Earlier this year, cracks in the Houthi-Saleh alliance began to appear. Then, last week, fighting broke out on the streets of Sana, with both Houthi and Saleh loyalists fighting for control of the city.

In the midst of that fighting, Saleh committed a fatal move. He announced on Saturday that he was open to a dialogue with the Saudi coalition and the Hadi government-in-exile, and wanted to turn a “new page” and find some kind of peaceful negotiation to end the war—if the Saudis would end their blockade and stop their airstrikes. The Houthis saw this as a betrayal and no doubt used it as a convenient pretext to murder their one-time ally on Monday.

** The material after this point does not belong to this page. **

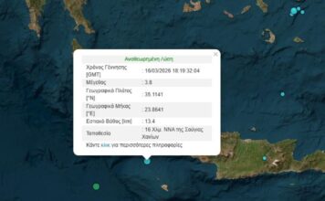 Σεισμός 3,8 Ρίχτερ ανοιχτά της Σούγιας Χανίων

Now, in addition to fighting between the Houthis and the Hadi government, a new front has opened between the Houthis and Saleh loyalists. Saleh’s son, Ahmed Ali Saleh, vowed Tuesday to lead the fight against the Houthi movement to avenge his father, but it’s not entirely clear whether he and the other Saleh loyalists will be fighting for themselves or ally with the Saudi-backed government of Hadi.

Saleh junior said in a statement that he would “confront the enemies of the homeland and humanity, who are trying to obliterate its identity and its gains and to humiliate Yemen and Yemenis.” It’s anyone’s guess at this point who that includes in a war in which no side seems to be clearly in the right. Making matters worse, there is no clear negotiating partner to end what appears now to be a three-way war (not counting al Qaeda and the Islamic State).

Yemen desperately needed a way out of this conflict, which is brutalizing the people of Yemen. On Saturday, Saleh indicated that he would be the one to tip the scales toward the Hadi government. Now, that hope has dissipated and the country is worse off than ever. But of course, the war was never really on the cusp of ending, because neither Saudi Arabia nor Iran wants to capitulate to the other in what amounts, ultimately, to a proxy war that continues to ravage an already ravaged country.